▸ THE PROBLEM
Print the lines of the entries below from the one with "- 乡村郎中远红外腰痛贴 批准文号: 黔食药监械(准)字2010第2260043号规" through the final line, exactly as they appear. The pictures are not part of the copy.

(ENTRIES SUPPLIED Opens)

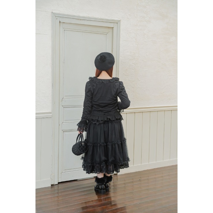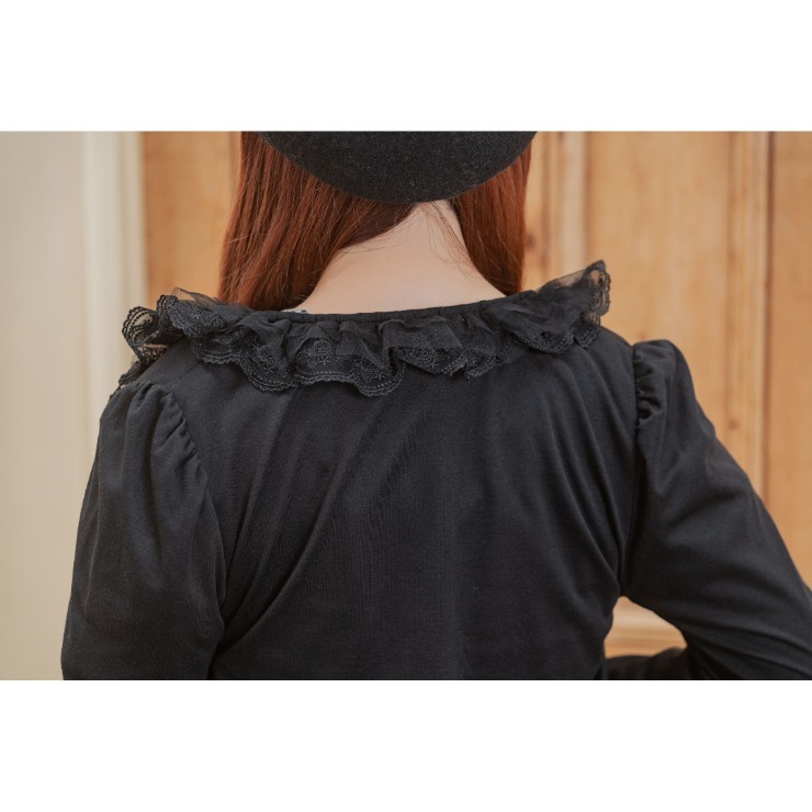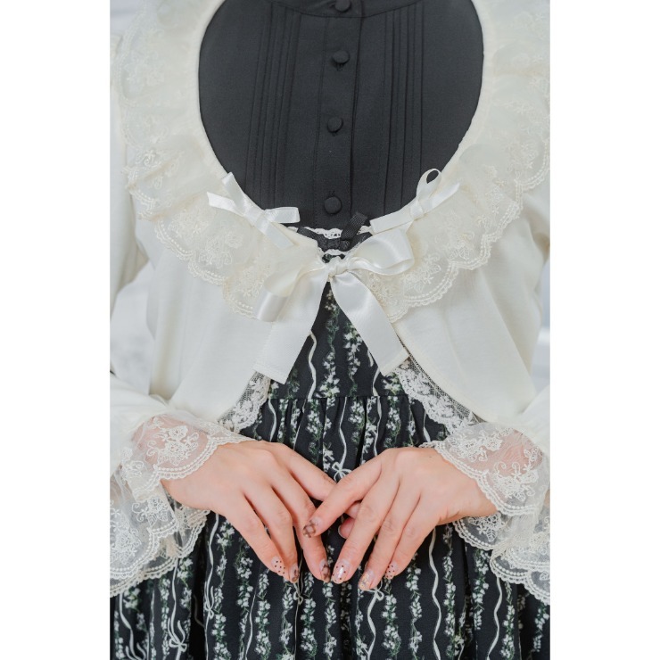 襟周りの大胆なレースやリボン使いが可愛い商品です。
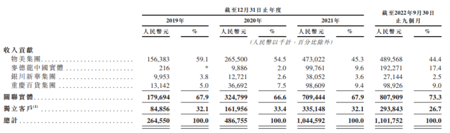 值得注意的是,尽管多点声称目前已拥有458家客户,但其主要还是为物美系企业服务。它的主要客户包括物美集团、麦德龙中国、重庆百货、银川新华等,均为物美关联企业实体,这些关联实体在2022年前9个月贡献的收入占比高达73.3%。
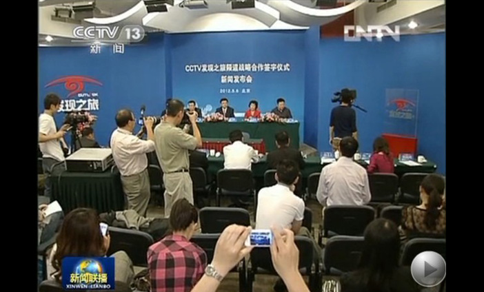 CCTV发现之旅频道标识设计揭晓——创意设计总监杨博先生继07年创作水立方标志之后又一力作!2012年5月6日,CCTV发现之旅频道战略合作签约仪式在北京梅地亚中心举行,中央电视台副台长、中央新影集团总裁高峰与中国南航集团公司党组书记、中国南方航空股份有限公司总经理谭万庚共同揭开并阐释了今年会为CCTV发现之旅创意设计的新标识,并在造型优美、创意简洁,寓意深刻的标识墙前握手留念,标志着两家公司战略合作的成功开始。同日CCTV综合频道(中央一台)、新闻频道新闻联播节目播出了CCTV发现之旅频道将改版的新闻联播快讯。今年会为CCTV发现之旅创意设计的新标识,是今年会创意设计总监杨博先生亲自创作完成,是继2007年创意设计完成水立方标志之后的又一次深具影响力的标志设计作品。标志设计以眼睛为创意设计概念,造型美观简约、大气、个性,深得客户认可喜爱。
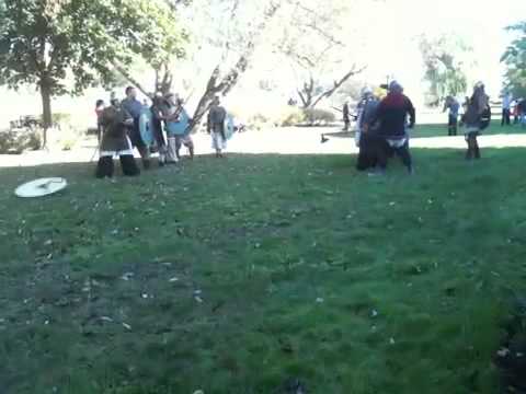 Idag var det vikingadag i centrum och det kom ett vikingaskepp från Birka och försökte invadera stranden. Det blev en vild strid och en del barn blev till och med rädda men alla stod upp efteråt.
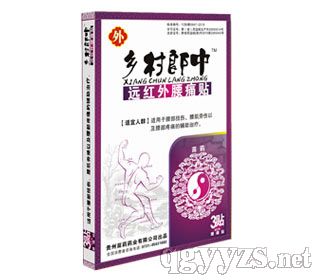 - 乡村郎中远红外腰痛贴 批准文号: 黔食药监械(准)字2010第2260043号规 格: 9cm×12cm×3贴×300盒
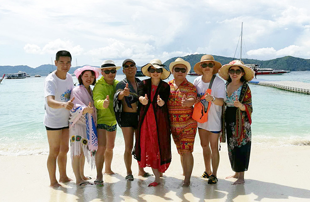 這個(gè)火辣辣的下午,家人們的歡聲笑語(yǔ)回蕩在整個(gè)珊瑚島上空,熱帶、沙灘、落日、美麗的“水晶晶(泰語(yǔ)意為“美女”)”和帥氣的“老媽媽”(泰語(yǔ)意為“帥哥”)們成為了島上一道亮麗的風(fēng)景線。
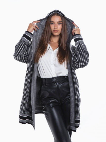 Casaco malha aberto pied-de-poule

(ENTRIES SUPPLIED Closes)

▸ WORKED SOLUTION
 - 乡村郎中远红外腰痛贴 批准文号: 黔食药监械(准)字2010第2260043号规 格: 9cm×12cm×3贴×300盒
 這個(gè)火辣辣的下午,家人們的歡聲笑語(yǔ)回蕩在整個(gè)珊瑚島上空,熱帶、沙灘、落日、美麗的“水晶晶(泰語(yǔ)意為“美女”)”和帥氣的“老媽媽”(泰語(yǔ)意為“帥哥”)們成為了島上一道亮麗的風(fēng)景線。
 Casaco malha aberto pied-de-poule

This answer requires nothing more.